**Information provided**.
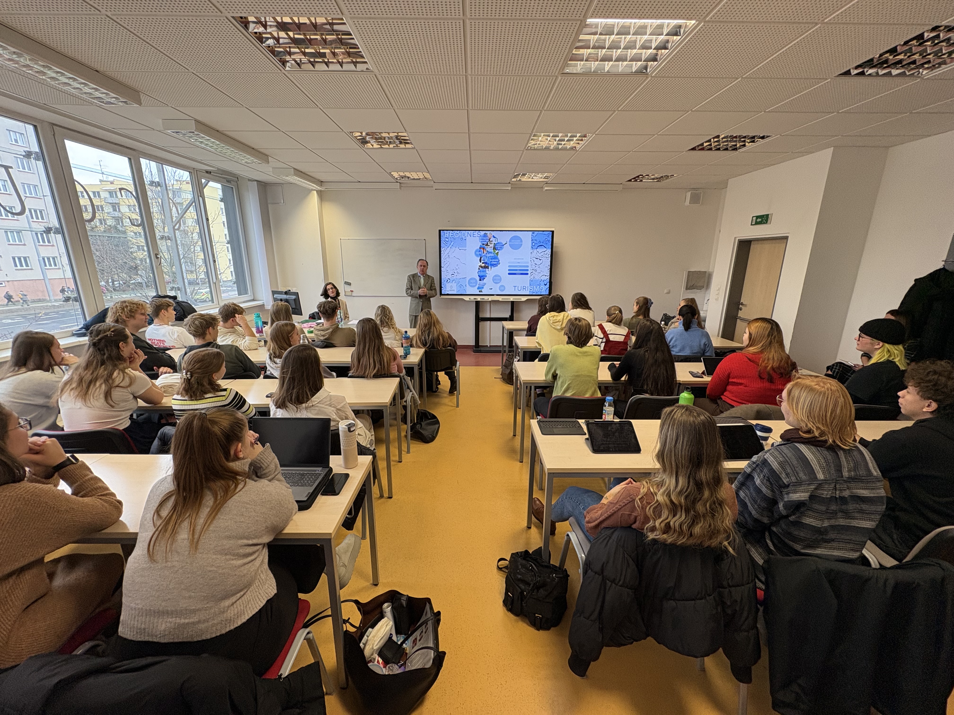 Aktivity ve spolupráci s Argentinou v projektu Erasmus+, ale i mimo něj však v letošním akademickém roce nejsou jen o těchto třech stážích. Na podzim fakultu navštívil pan velvyslanec, J. E. Claudio Rozencwaig, který v rámci cyklu Cátedra argentina tentokrát přednášel o geografické a ekonomické rozmanitosti Argentinské republiky. Zároveň jsme díky režisérovi snímku El exilio de los músicos Ivánu Cherjovskému nahlédli do života židovských hudebníků, kteří v minulosti emigrovali z Evropy do Argentiny.
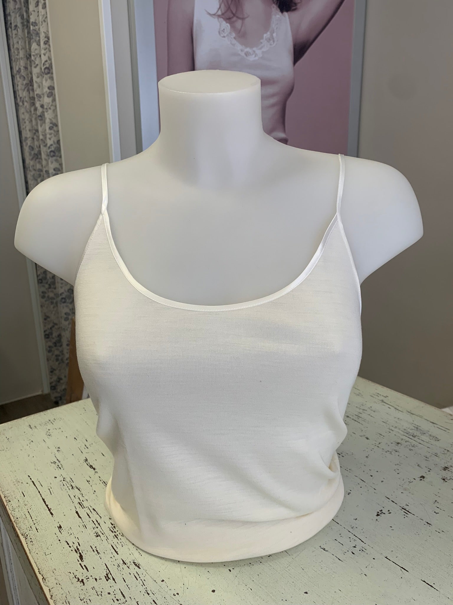 Questa canotta è un capo essenziale per il tuo intimo termico. Realizzata nel prezioso misto lana seta, offre eccellente isolamento e morbidezza. Si distingue per il suo scollo girocollo o a V, ideale per vestire con discrezione sotto maglioni e abiti a collo alto, pur mantenendo un delicato bordo in pizzo.
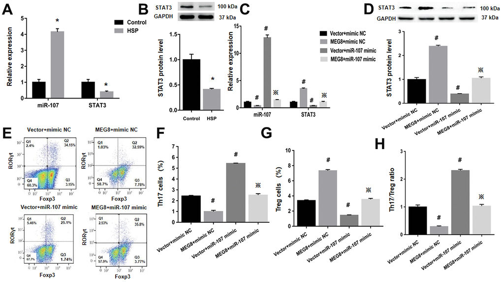MEG8 as a ceRNA may increase the expression of STAT3 by miR-107, thereby restoring the Th17/Treg imbalance rats. Thus, this study confirmed HSP has a putative therapeutic target.

**Assignment**.
An exact retyping of the material, minus the pictures, is the required answer.

**Answer space**.
 Aktivity ve spolupráci s Argentinou v projektu Erasmus+, ale i mimo něj však v letošním akademickém roce nejsou jen o těchto třech stážích. Na podzim fakultu navštívil pan velvyslanec, J. E. Claudio Rozencwaig, který v rámci cyklu Cátedra argentina tentokrát přednášel o geografické a ekonomické rozmanitosti Argentinské republiky. Zároveň jsme díky režisérovi snímku El exilio de los músicos Ivánu Cherjovskému nahlédli do života židovských hudebníků, kteří v minulosti emigrovali z Evropy do Argentiny.
 Questa canotta è un capo essenziale per il tuo intimo termico. Realizzata nel prezioso misto lana seta, offre eccellente isolamento e morbidezza. Si distingue per il suo scollo girocollo o a V, ideale per vestire con discrezione sotto maglioni e abiti a collo alto, pur mantenendo un delicato bordo in pizzo.
MEG8 as a ceRNA may increase the expression of STAT3 by miR-107, thereby restoring the Th17/Treg imbalance rats. Thus, this study confirmed HSP has a putative therapeutic target.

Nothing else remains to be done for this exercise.